Instruction for the listing below: copy exactly, and only, the lines from the one holding "10月15日下午,太平桥社区" through its last line, omitting any picture.
*** Opening Recorded information ***
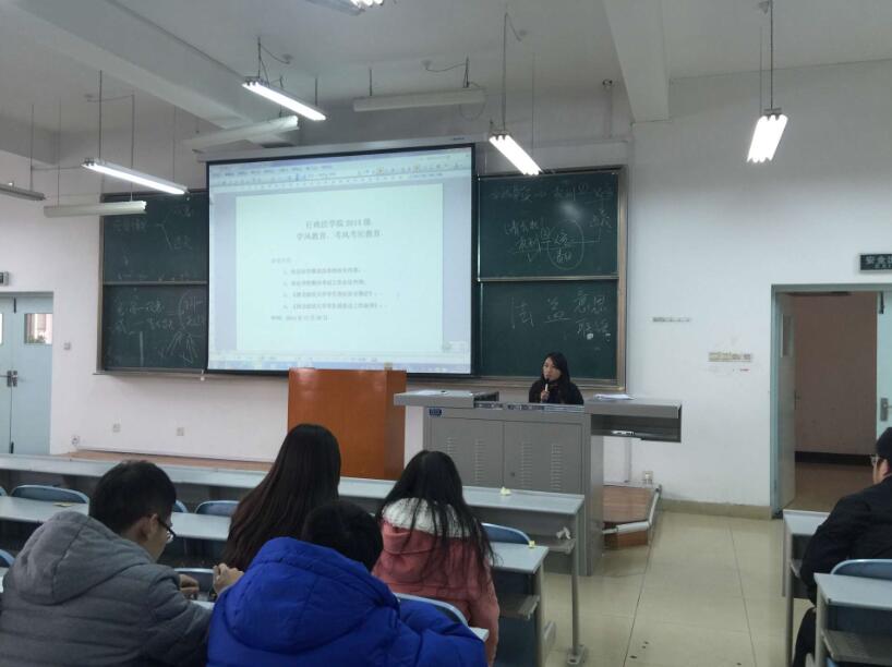 2015年12月31日13:00,成人抖音 对2013级、2014级的考风考纪宣讲大会在我校天平楼aj11教室举行。成人抖音党委副书记李芳老师担任本次大会主讲人。本次大会的内容主要分为四个模块:关于司法考试重大改革内容的基本讲解;我校教学改革问题;学生违纪处分规定;班委会管理问题。
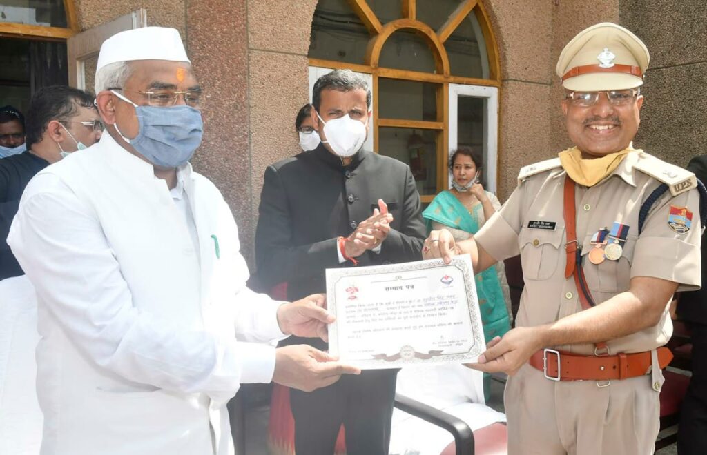 इस अवसर पर कैबिनेट मंत्री द्वारा कोरोना संक्रमण के उपचार के बाद स्वस्थ हुए लोगों को माला पहना कर तथा पुष्प भेंट कर सम्मानित किया गया। साथ ही कोरोना के दौरान अपनी विशिष्ट सेवायें देने वाले कोरोना योद्धाओं (प्रशासन तथा पुलिस) को भी प्रशस्ति पत्र देकर सम्मानित किया गया।
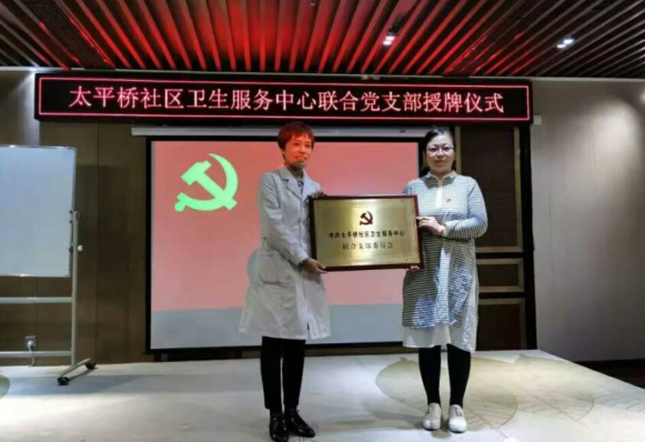 10月15日下午,太平桥社区服务中心联合党支部成立大会暨授牌仪式在太平桥社区服务中心会议室隆重举行。社会工作党委首科大厦工作站站长郭毅宣读了《关于成立太平桥社区服务中心联合党支部的批复决定》,社会工作党委副书记索春香向太平桥社区服务中心主任刘艳艳进行了授牌。随后,太平桥社区服务中心联合党支部书记张明发表了任职感言,她表示绝不辜负组织和同志们的期望,履行党员的政治核心作用,完成上级领导的要求和精神,带动发挥党员作用,支部作用,强化支部凝聚力,充分发挥堡垒作用,团结党员及群众,围绕“让百姓在家门口能享受最优质的医疗服务”宗旨,推动中心的稳步发展。
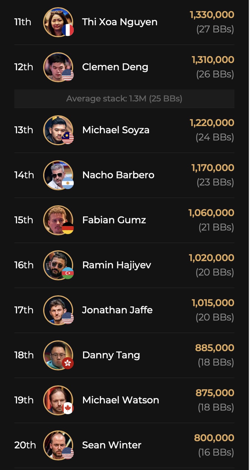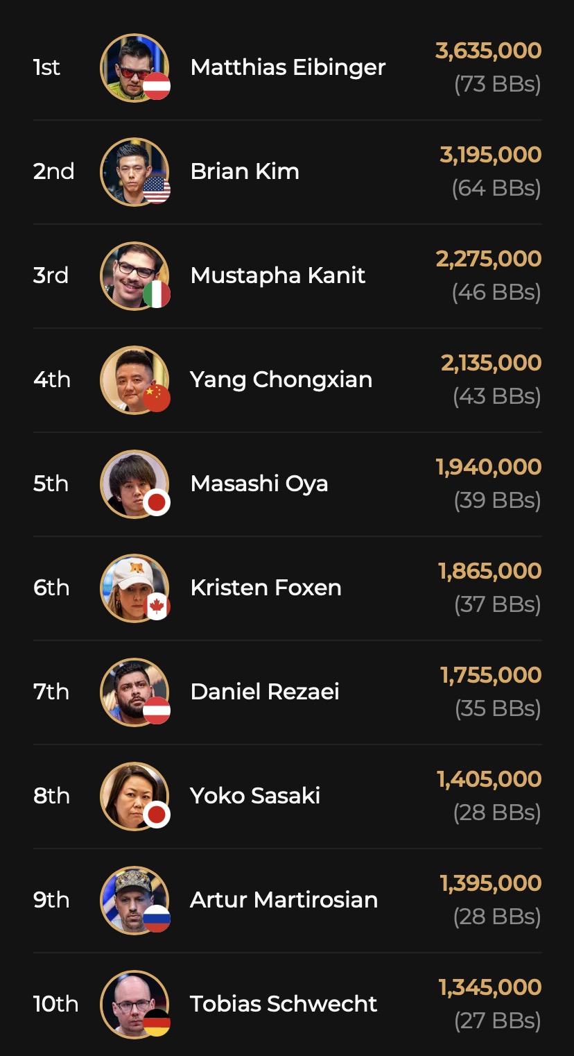 Die beste Ausgangsposition aller Teilnehmer sicherte sich nach Tag 1 Matthias Eibinger. Der Pokercode-Kopf übernachtet mit 3.635.000 Jetons als Tag-1-Chipleader. Mit 73 BBs geht er in Führung in Tag 2. $48.500 haben dann alle bereits die Tag-2-Spieler sicher, zu denen u.a. auch Mustapha Kanit, Kristen Foxen, Artur Martirosian, Nacho Barbero, und Michael Soyza gehören.
*** Closing Recorded information ***
Exercise answer:
 10月15日下午,太平桥社区服务中心联合党支部成立大会暨授牌仪式在太平桥社区服务中心会议室隆重举行。社会工作党委首科大厦工作站站长郭毅宣读了《关于成立太平桥社区服务中心联合党支部的批复决定》,社会工作党委副书记索春香向太平桥社区服务中心主任刘艳艳进行了授牌。随后,太平桥社区服务中心联合党支部书记张明发表了任职感言,她表示绝不辜负组织和同志们的期望,履行党员的政治核心作用,完成上级领导的要求和精神,带动发挥党员作用,支部作用,强化支部凝聚力,充分发挥堡垒作用,团结党员及群众,围绕“让百姓在家门口能享受最优质的医疗服务”宗旨,推动中心的稳步发展。
 Die beste Ausgangsposition aller Teilnehmer sicherte sich nach Tag 1 Matthias Eibinger. Der Pokercode-Kopf übernachtet mit 3.635.000 Jetons als Tag-1-Chipleader. Mit 73 BBs geht er in Führung in Tag 2. $48.500 haben dann alle bereits die Tag-2-Spieler sicher, zu denen u.a. auch Mustapha Kanit, Kristen Foxen, Artur Martirosian, Nacho Barbero, und Michael Soyza gehören.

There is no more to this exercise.